-- Data follows --

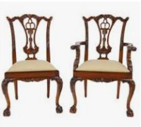
Standard Chippendale Chairs, Set ... niagarafurniture.com
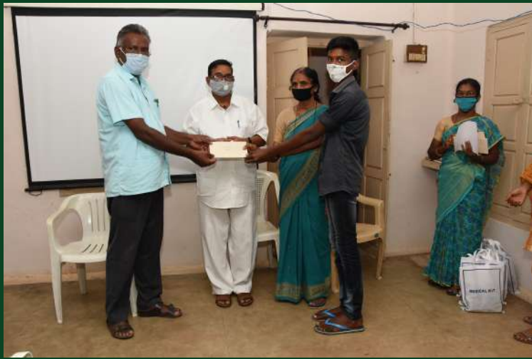
Financial Assistance to the Poor Families
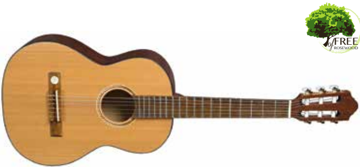
500.184 3/4 Size
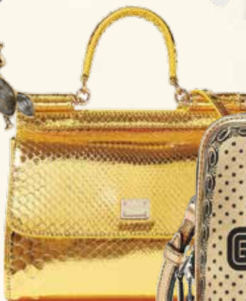
Gucci Gold-Tone Gucy Mini Shoulder Bag

-- Data concluded --

From the first line to the last, retype the data above exactly, but not its images.

#### [Answer space]
Standard Chippendale Chairs, Set ... niagarafurniture.com
Financial Assistance to the Poor Families
500.184 3/4 Size
Gucci Gold-Tone Gucy Mini Shoulder Bag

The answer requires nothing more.